A series of thunderous booms resounded from the left, and Martius rolled in an effort to distance himself from the mass of fire and splintered wood that flew toward the Charity of Stendarr. Once the inferno had receded, both he and Atria were aghast as they stood back up and looked toward the source of the fiery shrapnel. Through the charcoal-colored plumes of smoke, the darkened silhouettes of the few surviving crewmen hurled themselves into the sea from the fractured skeletal remains of the Shield-Wall, its fiery lifeblood bleeding profusely though its jagged, splintery ribs. The Abecean Sea seeped into the hollow spaces left behind, engulfing the wreck like a morbid meal. His sister's eyes met his for a moment as he turned away from the nightmarish image before him, the two of them sharing the same panicked conclusion.

Martius wheezed frantically as he scanned the sea for the threat and gasped in mortified shock at what he found. Bobbing and weaving like a bloodthirsty leviathan, the massive hulk of the ship he had previously been gawking at now closed in on the convoy, its myriad guns firing volleys of fiery cannonade periodically from its malachite-reinforced hull.

Wait. Malachite? Martius's pudgy fingers quickly wiped away the beads of fearful sweat pouring from his forehead before they feverishly snatched his sister's telescope from her hands. Nightmarish images of Maormeri corsairs slaughtering his entire convoy and raking their long, elven fingers through the resulting blood booty in the wake of their destruction flooded his mind, and he wished they were not what was currently targeting him. As he peered through the eyepiece, however, he temporarily lost the ability to breathe, for emblazoned proudly on the ship's black sails was an austere, gilt eagle—the imperialist Altmeri eagle.

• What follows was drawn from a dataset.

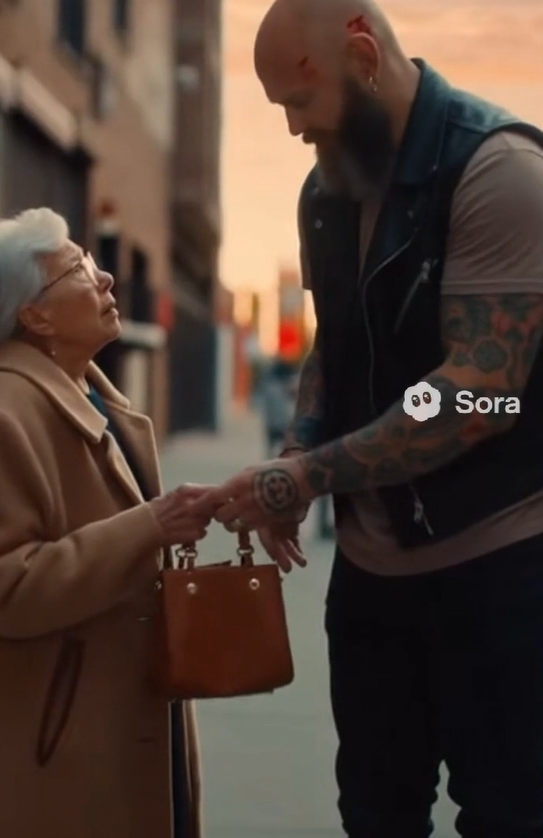 The elderly woman shuffled forward, tears in her eyes, clutching her bruised wrist. She looked up at the biker — this stranger who had thrown himself into danger for her — and whispered, “You didn’t have to do that, son.”

No! Martius gasped in skin-blanching terror. Not them!

In the distance, from where the Vanguard of Need hovered next to the Charity of Stendarr, he heard a shrill voice cry out the warning that invalidated his greatest wishes of the moment and confirmed the very fact he did not want to acknowledge as true: "Pirates!"

The reality of the situation further dashed his hopes of the horror around him spontaneously dissipating when the sound of cannonade compelled him to glance behind his ship. Three sleek vessels circled the two escort ships like fish of prey around fresh food. Through the eyepiece of his sister's telescope, he could see triangular dorsal fins flared with predatory intent as the two friendly frigates struggled to hold them back. A ghastly horror locked his joints and muscles into place as he took in the harrowing sight of these fish's hulls flexing aggressively in the sea, encased in a set of scales made of primordial limestone-like planks supported by a bony skeletal frame. Splayed across the bows of these skeletal fish-ships was a primeval mass of corpses, pinned to their positions with arrows carved of bone and mutilated beyond recognition. The savagery he saw kept his eyes anchored to reality, preventing him from evading the identity of these bloodthirsty brigands: Bosmeri schooners.

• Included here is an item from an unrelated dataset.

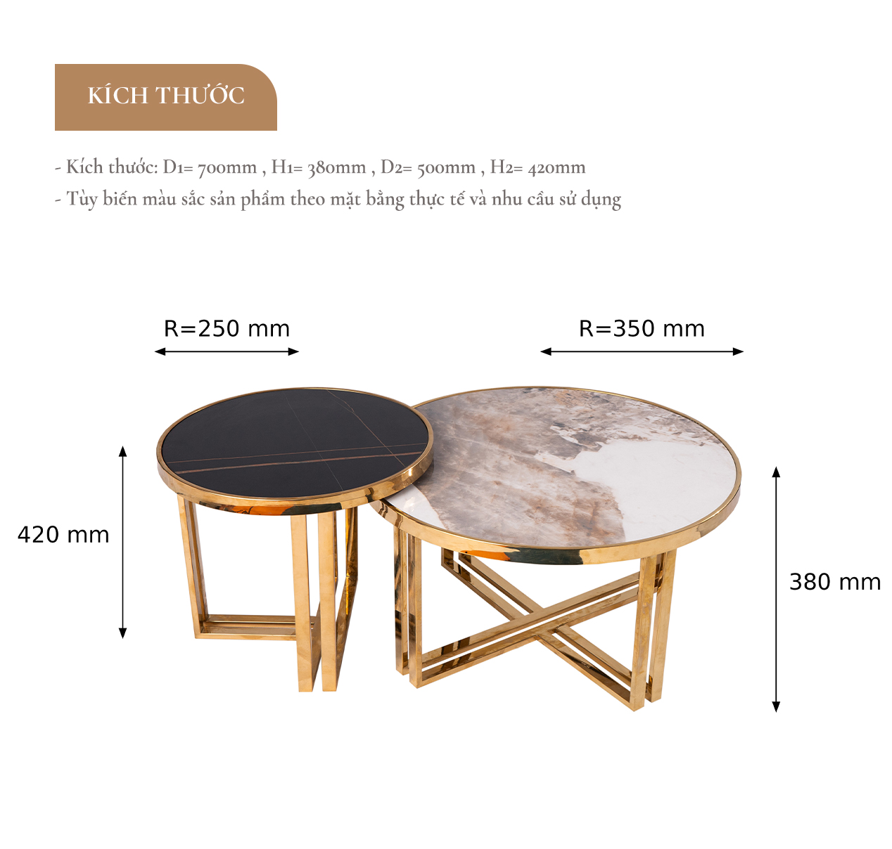 Thiết kế bàn trà mặt đá chân sắt gồm 2 bàn nhỏ: 1 bàn cao và 1 bàn thấp được xếp ghép vào nhau tạo nên một tổng thể đẹp mắt và độc đáo. Bàn trà mặt đá cao cấp mang nét đẹp tinh tế, phần chân inox hiện đại, thanh thoát, có thể kết hợp với nhiều không gian hiện đại.

But the most gruesome sight came when he finally peered toward the Vanguard of Need. Still shaken by the sight of the savage wood elven ships, he struggled to keep his knees from bowing forward as he took in the visage of two more vessels tearing through the sea like lightning through tumultuous skies. The speed with which these streaks of wooden planks soared sent a chilling fear through his spine, their exotic boxy hulls implying solidity, strength, fortitude—anything but speed. By all physical laws, their cumbersome, non-aerodynamic design should have rendered them immovable were it not for the long wooden oars spinning in and out of the water in a harmonic, cyclical rhythm more akin to a row of pendulums pushing the ships further toward the Vanguard of Need. Along their masts, he saw a motley collection of gossamer cloth and exquisite tapestries strewn together, the resulting angular pattern invoking the image of well-groomed, piercing claws, claws sharper than Imperial steel, claws capable of rending flesh and sinew with the ease of a knife cutting butter. Khajiiti claws.

Khajiiti boarding galleys! Martius could not help but name the sturdy vessels streaking toward the adjacent escort ship.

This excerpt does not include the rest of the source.